Quem acompanha a série de filmes O Senhor dos Anéis deve lembrar-se das suas memoráveis cenas de batalha, especialmente no segundo e no terceiro filmes. O que parecem ser dezenas de milhares de extras fantasiados de orcs é na verdade uma criação de computador. Com exceção dos atores e figurantes que combatem de verdade diante das câmaras, todo aquele tapete de guerreiros armados até os dentes, que parece se estender até o horizonte, é gerado por computação gráfica. Para maior realismo, os programas fazem cada um desses “figurantes gráficos” se comportar de maneira ligeiramente diversa dos demais, para que tudo não fique parecendo um balé ensaiado ou uma coreografia de loops repetitivos.

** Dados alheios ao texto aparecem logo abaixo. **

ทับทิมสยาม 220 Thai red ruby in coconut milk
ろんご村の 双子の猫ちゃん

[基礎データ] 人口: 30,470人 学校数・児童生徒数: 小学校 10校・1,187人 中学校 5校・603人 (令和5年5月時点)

Acontece que os programas vão se sofisticando. Há videogames onde é possível determinar no computador o que cada soldado daqueles vai fazer. Ele está sendo “pilotado” por um programa capaz de observar o cenário, deslocar-se no terreno, registrar e avaliar os movimentos dos outros figurantes, trocar golpes com o inimigo. Um técnico envolvido nesse processo queixou-se certa vez de que o grande problema era que os “figurantes virtuais” muitas vezes batiam em retirada, fugiam do campo de batalha. Quando o programa percebia que matematicamente suas chances eram poucas, eles passavam sebo nas canelas, corriam com a sela, davam às de vila-diogo. O técnico se queixava: “Não podíamos tornar os computadores burros o bastante para serem obrigados a lutar.”

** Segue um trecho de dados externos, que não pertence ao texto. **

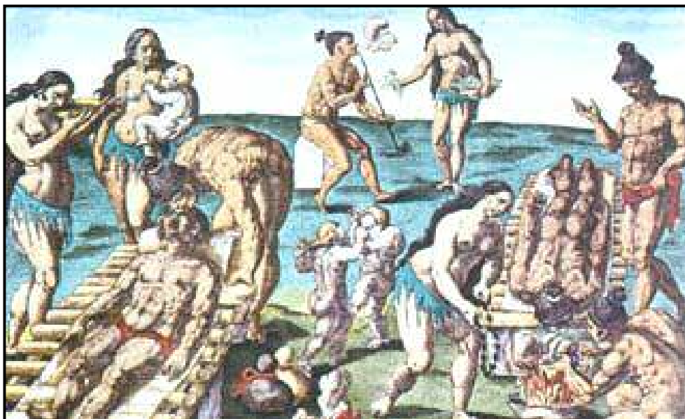
Figura No. 2. Gravado de Theodore de Bry (1590 - 1595). Efectos de las viruelas en los indígenas.

Identificación de los entes patógenos tanto en poblaciones prehispánicas como en los eventos de la posconquista nos abren una ventana al asunto de las complejas interrelaciones evolutivas de las poblaciones humanas y sus agentes parasitarios y patógenos. La separación de nuestros troncos evolutivos cuando los primeros asiáticos abandonaron su continente hace 15 mil años permite explicar las divergentes adaptaciones que en el caso del Viejo Continente habrían de capacitar a la humanidad para convivir con los animales domesticados y toda su carga viral y bacteriana, la cual, por supuesto, no estaría presente en nuestro continente hasta la llegada de los españoles y europeos, nuevos y virulentos huéspedes de estas microscópicas armas de destrucción masiva.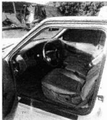
Caminhonete Ford Ranger ano 2008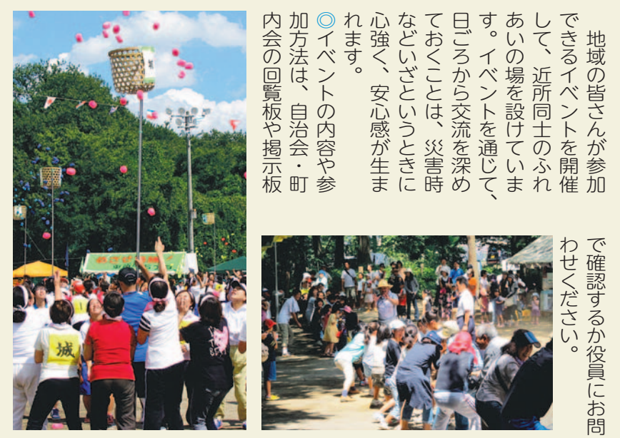
▲柳瀬地区・柳瀬中学校合同体育祭(柳瀬地区区長会) ▲やすまつ祭り=綱引き大会(安松町内会)

地域の皆さんが参加できるイベントを開催して、近所同士のふれあいの場を設けています。イベントを通じて、日ごろから交流を深めておくことは、災害時などいざというときに心強く、安心感が生まれます。 ●イベントの内容や参加方法は、自治会・町内会の回覧板や掲示板で確認するか役員にお問い合わせください。

Rapaz, isso na mão de um filósofo pode ficar muito engraçado. Veja o Oriente Médio. Conseguimos obrigar seres humanos jovens, instruídos, racionais, a vestir uma farda para ir matar gente num cu-do-judas qualquer. Ao mesmo tempo, uma mera simulação de computador consegue mandar a batalha às favas e cair fora. E ainda falam em que não há determinismo, e que o ser humano tem livre arbítrio. A julgar por esse pessoal que vai pra guerra, o livre arbítrio do ser humano é equivalente ao de uma baleia amestrada, como a Free Willy.
A liberdade é menor na vida real, mas vai se tornando mais alcançável no mundo dos jogos cibernéticos. Os superespetáculos, daqui a (quantos?) anos, serão uma mistura do cinema tela-grande com som Dolby estéreo, que temos hoje, com os jogos online como Última ou Counter Strike. Assim como neles, os espetáculos futuros juntarão milhares de personagens, que povoarão uma cidade ou entrarão em combate: e cada um deles é “pilotado” por um cara diante de um computador (ou com um PC no pulso) em qualquer parte do mundo. Filmes prontos, “obras fechadas”, virarão uma raridade cult. O público vai querer interatividade e competitividade. Irá se ampliando o espaço para os filmes improvisados por milhares de players. Em seus episódios mais dramáticos, eles serão transmitidos pela TV, ou reproduzidos em salões com imensas telas digitais diante de uma platéia onde se misturam jogadores e meros espectadores. Seremos Frodo, alguém será Sauron.